By the way, we’ve done experiments to put log failure recommendations directly in product, but the results are taking iteration to get right.
I have mixed feelings about this, because it often feels like I’m turning my brain off.
In other cases, the build failure will come with a wall of logs (it could be tens of MB), and the best clue is hidden somewhere in the middle. Using an LLM with a large context window is useful, because I can paste in long passages where I think something relevant will be found, and the LLM will indeed find it. It’s all the more helpful when 12,833 results show up after doing CMD-F for “error” or “warning”. It’s probably important to note that my employer uses a commercial license that prohibits training on chat logs.
Prospecting Support
Bitrise is a rather technical product in a niche space. For example, I have been encouraging our marketing and sales teams to focus on selling to Kotlin Multiplatform users^. It’s not easy for non-technical people to correctly explain why Bitrise is great for KMP in marketing assets or prospecting messages. But when I feed the LLM with the technical concepts, it can convert those into customer messaging fit for purpose.

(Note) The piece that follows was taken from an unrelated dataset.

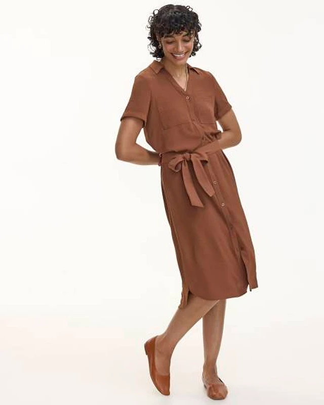 Short-Sleeve Buttoned-Down Dress with Shirt Collar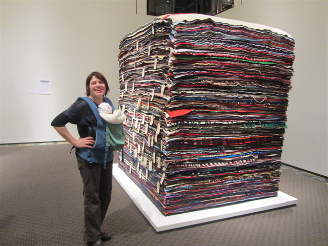 My final picture of the 2012 version of “Dwelling” with the artist Marie Watt, her daughter Evelyn, and the big stack o’ blankets.

Questionnaires (Infosec, RFPs, RFIs)
At Bitrise, we use a commercial tool called Skypher, which essentially provides a database of “approved” responses to questionnaires. This is a huge time saver. Feed it an XLS file with questions and you’ll get one back with answers filled in. It also exposes a Slackbot for more back and forth prompting (kind of a natural language search interface for acceptable external statements). A questionnaire that would have taken me four hours might now take one or less.

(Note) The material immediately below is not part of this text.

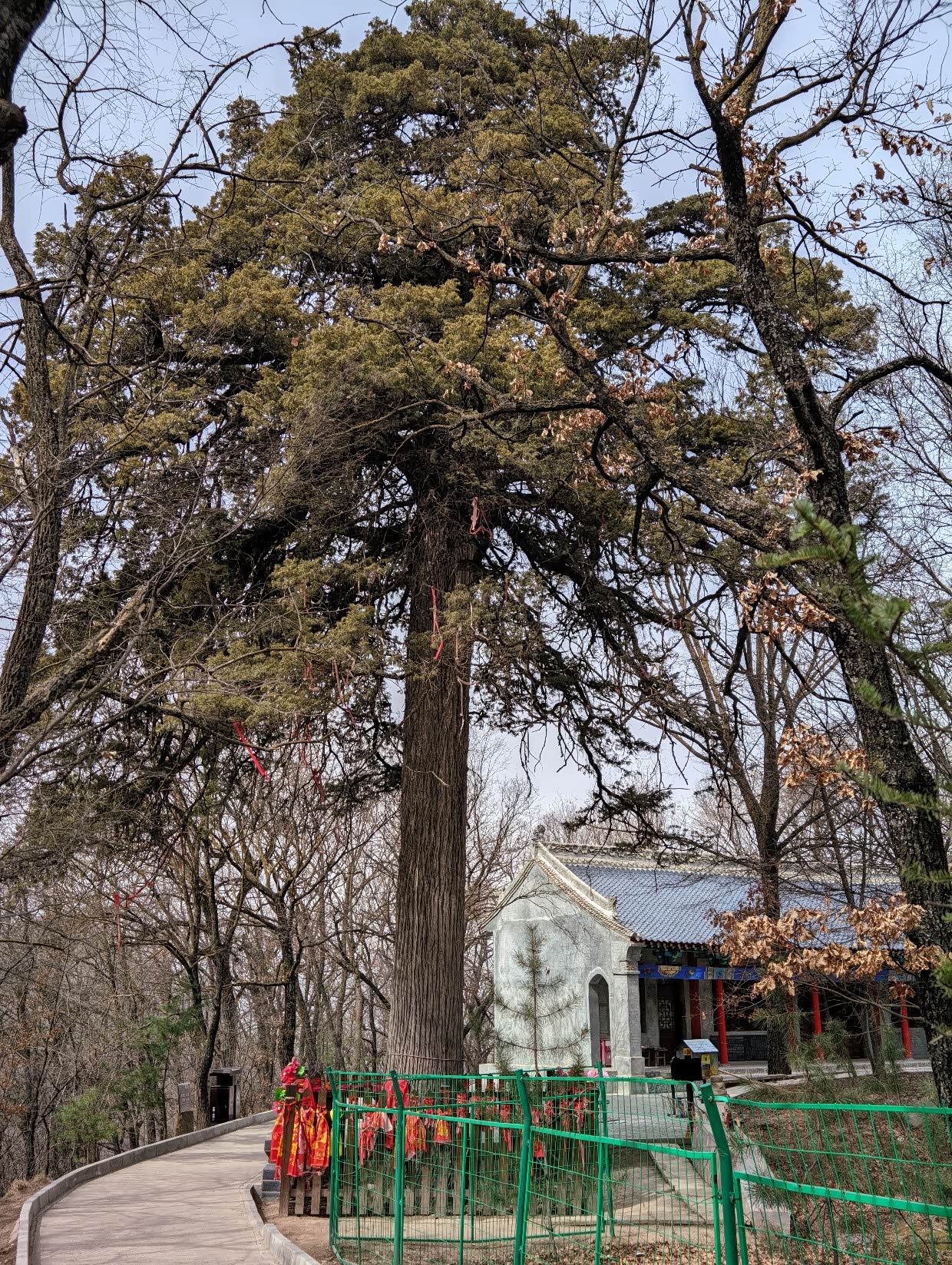 13:40;到达凤凰岭,观赏路边的古柏,2300年的树龄,被视为神树。

“Garbage in, garbage out” applies here. Tools like this require continuous upkeep to ensure the “approved” responses remain accurate and to add new information as it evolves. Otherwise you will give incorrect responses to sensitive questions. It’s also important to note that in many contexts, questionaires are not box checking exercises—they are opportunities to sell and challenge the prospect. No AI will think critically for you (yet) about how to use the questionnaire to box out your competition or reframe the customer’s perspective.

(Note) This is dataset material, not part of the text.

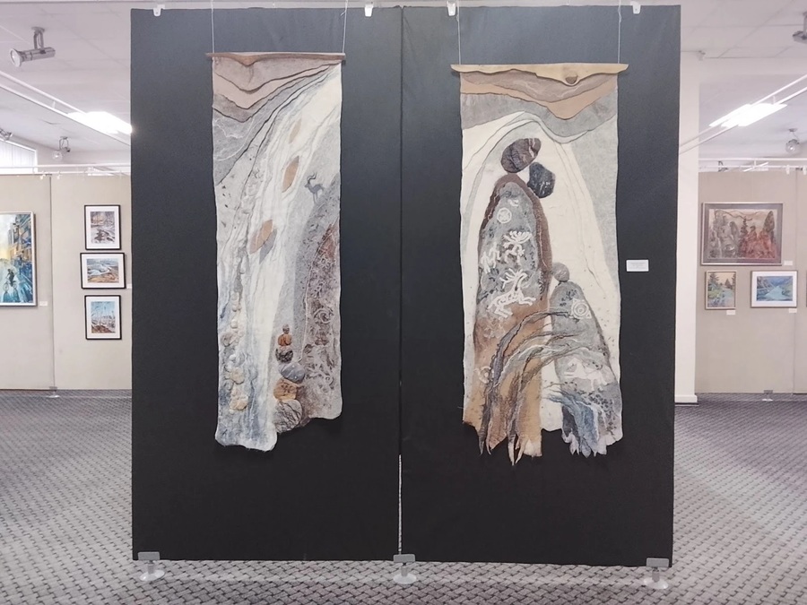 — Будущая центральная часть, где большие вертикальные камни, была сваляна в июле на Всероссийском керамическом симпозиуме «Красный круг» в Хакасии — туда меня пригласили провести мастер-класс по войлоку. Симпозиум проходил на базе отдыха под названием «Зов Предков». Между нашими творческими проектами — керамическими и войлочными, мы посетили много интересных заповедных мест. И мои впечатления о Хакасии вылились в эту работу, — поясняет Юлия.

Turns out I’m not an AI skeptic after all
I guess I’ve already integrated AI quite deeply into my workflows! But I know I have more work to do. A lot of what I’ve mentioned above is garden-variety stuff-—primarily productivity boosts not value-add. But similar to my KMP example with Bitrise, it’s the niche overlaps that are transformational. Keeping an eye out for these possibilities by staying educated on the newest developments are my next step.
^Bitrise is perfect for KMP because it is uniquely capable of build performance improvements. KMP’s linker phase is painfully slow for iOS apps. One recent customer moved to Bitrise because they were hitting the Github Actions max timeout before their app would finish compiling. The linker is sped up, for now, only with faster hardware. On top of that, KMP uses Gradle for its build tool. Gradle supports build caching for speeding build and test execution. Bitrise is the only CI that provides both the most modern (fastest) Mac hardware AND a managed Gradle build cache. This is a unique combination makes a huge difference to a very specific niche.